We think you need these skills to ace Senior Director, ROW Site Relationship Management (SRM)
Some tips for your application 🫡
Tailor Your CV: Make sure your CV highlights relevant experience in clinical leadership and project management. Emphasise your understanding of ICH and GCP regulations, as well as any specific achievements in the pharmaceutical industry that align with the role.
Craft a Compelling Cover Letter: In your cover letter, express your passion for immunology and how your background makes you a perfect fit for the Senior Director role. Mention specific experiences that demonstrate your ability to lead cross-functional teams and manage clinical trials effectively.
Highlight Leadership Experience: Clearly outline your direct supervisory experience and your approach to mentoring team members. Provide examples of how you've successfully led teams in achieving clinical program goals and overcoming challenges.
Showcase Problem-Solving Skills: Include examples in your application that illustrate your strong problem-solving skills and agility in adapting to changing business priorities. This will show Immunovant that you can thrive in their dynamic environment.
How to prepare for a job interview at Immunovant
✨Understand the Role Thoroughly
Before the interview, make sure to read the job description carefully. Familiarise yourself with the key responsibilities and requirements of the Senior Director, ROW Site Relationship Management role.
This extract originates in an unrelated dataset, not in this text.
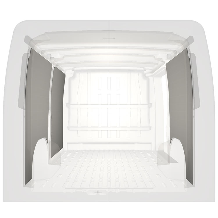 Leichte Vollverkleidung für die Innenwände eines Citroën Jumper / Peugeot Boxer / Fiat Ducato mit Seitentür rechts.Die Verkleidungen schaffen ein helles und angenehmes Arbeitsumfeld und sind leicht zu reinigen.

This will help you tailor your answers to demonstrate how your experience aligns with what Immunovant is looking for.
✨Showcase Your Leadership Experience
As a senior director, you'll need to exhibit strong leadership skills. Prepare examples from your past roles where you've successfully led teams, managed projects, or navigated challenges in clinical operations. Highlight your ability to mentor and develop team members, as this is crucial for the position.
✨Demonstrate Cultural Awareness
Given the global nature of the role, it's important to show an understanding of regional cultural differences. Be ready to discuss how you've adapted your strategies or communication styles when working with diverse teams or stakeholders across different regions.
✨Prepare Questions for the Interviewers
Interviews are a two-way street. Prepare insightful questions that show your interest in Immunovant's mission and the specific challenges they face in clinical trial execution. This not only demonstrates your enthusiasm but also helps you assess if the company culture and values align with yours.